Records excerpted from a collection:
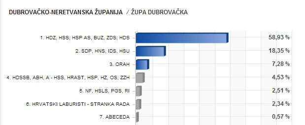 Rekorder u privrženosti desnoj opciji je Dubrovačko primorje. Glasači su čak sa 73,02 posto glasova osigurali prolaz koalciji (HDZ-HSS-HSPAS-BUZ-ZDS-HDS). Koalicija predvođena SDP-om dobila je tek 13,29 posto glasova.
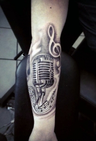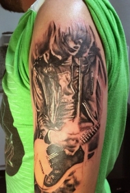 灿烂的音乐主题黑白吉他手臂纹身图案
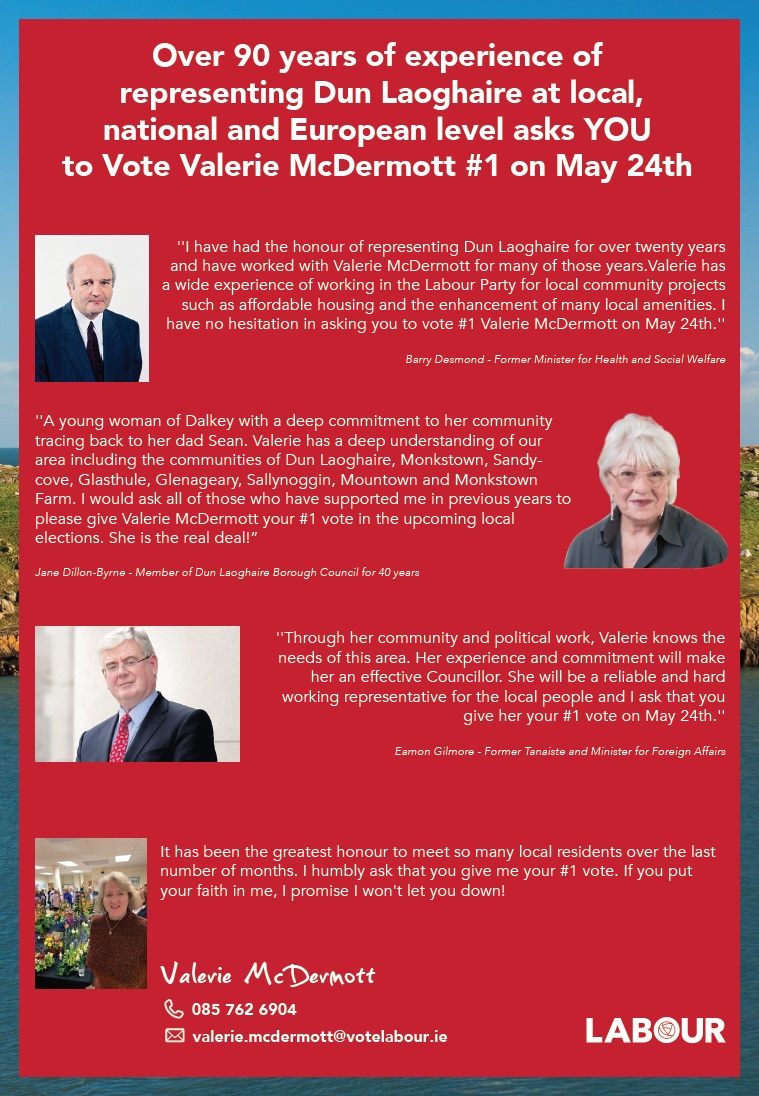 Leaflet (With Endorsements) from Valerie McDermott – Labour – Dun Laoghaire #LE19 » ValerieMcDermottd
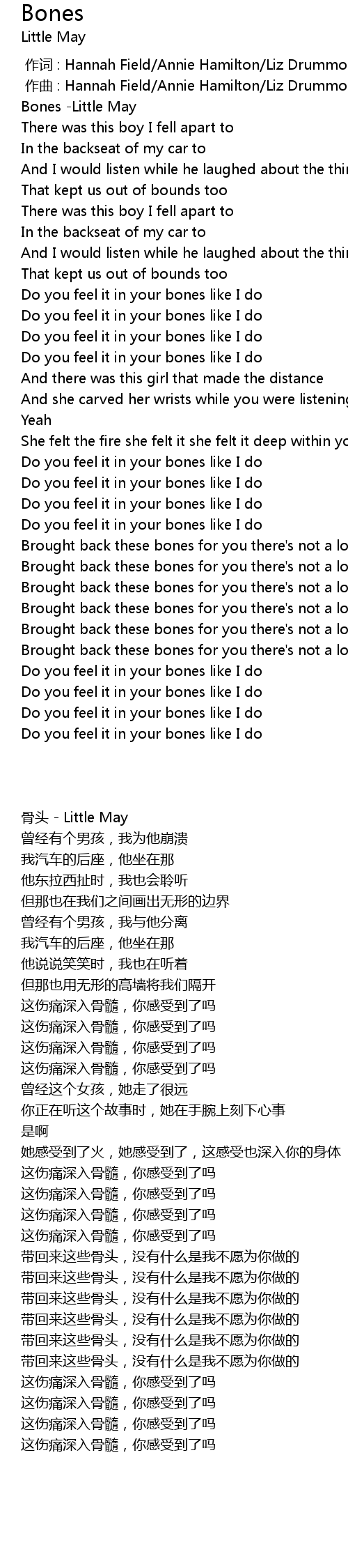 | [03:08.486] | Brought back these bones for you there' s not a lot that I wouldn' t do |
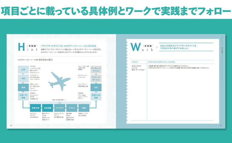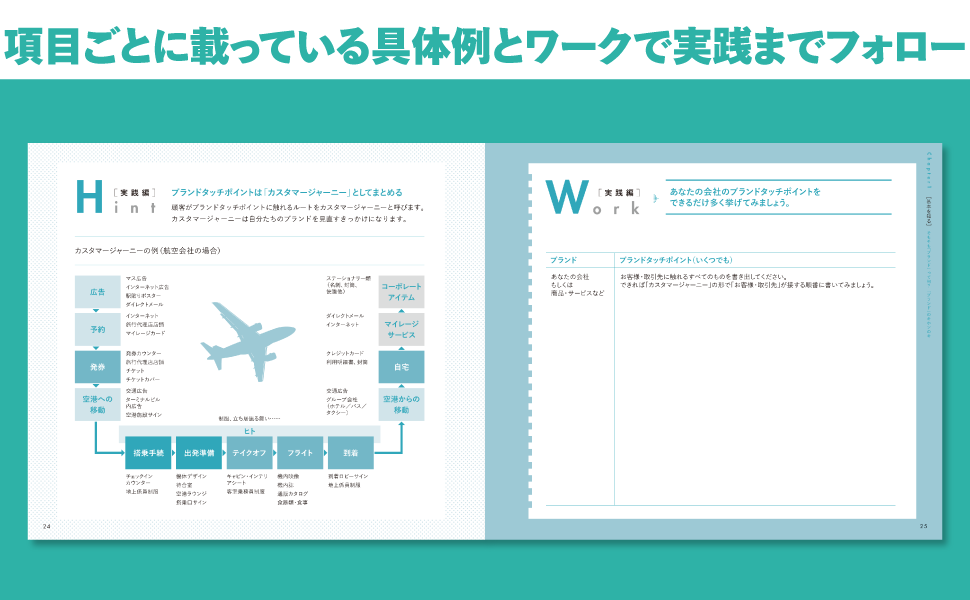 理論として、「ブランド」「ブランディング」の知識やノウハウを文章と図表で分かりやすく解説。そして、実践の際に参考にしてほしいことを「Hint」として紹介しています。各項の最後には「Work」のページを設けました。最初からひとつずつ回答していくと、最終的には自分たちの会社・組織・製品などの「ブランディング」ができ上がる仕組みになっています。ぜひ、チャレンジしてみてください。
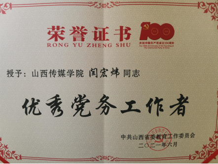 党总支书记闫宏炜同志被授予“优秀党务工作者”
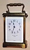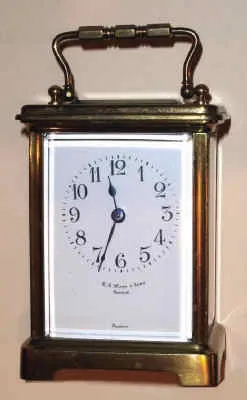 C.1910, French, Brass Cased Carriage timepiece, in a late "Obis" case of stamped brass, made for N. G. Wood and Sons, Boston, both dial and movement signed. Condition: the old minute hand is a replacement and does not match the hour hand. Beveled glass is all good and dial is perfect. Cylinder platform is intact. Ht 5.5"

What to do: Omitting all pictures, copy the preceding entries without any alteration.

Answer below:
 Rekorder u privrženosti desnoj opciji je Dubrovačko primorje. Glasači su čak sa 73,02 posto glasova osigurali prolaz koalciji (HDZ-HSS-HSPAS-BUZ-ZDS-HDS). Koalicija predvođena SDP-om dobila je tek 13,29 posto glasova.
 灿烂的音乐主题黑白吉他手臂纹身图案
 Leaflet (With Endorsements) from Valerie McDermott – Labour – Dun Laoghaire #LE19 » ValerieMcDermottd
 | [03:08.486] | Brought back these bones for you there' s not a lot that I wouldn' t do |
 理論として、「ブランド」「ブランディング」の知識やノウハウを文章と図表で分かりやすく解説。そして、実践の際に参考にしてほしいことを「Hint」として紹介しています。各項の最後には「Work」のページを設けました。最初からひとつずつ回答していくと、最終的には自分たちの会社・組織・製品などの「ブランディング」ができ上がる仕組みになっています。ぜひ、チャレンジしてみてください。
 党总支书记闫宏炜同志被授予“优秀党务工作者”
 C.1910, French, Brass Cased Carriage timepiece, in a late "Obis" case of stamped brass, made for N. G. Wood and Sons, Boston, both dial and movement signed. Condition: the old minute hand is a replacement and does not match the hour hand. Beveled glass is all good and dial is perfect. Cylinder platform is intact. Ht 5.5"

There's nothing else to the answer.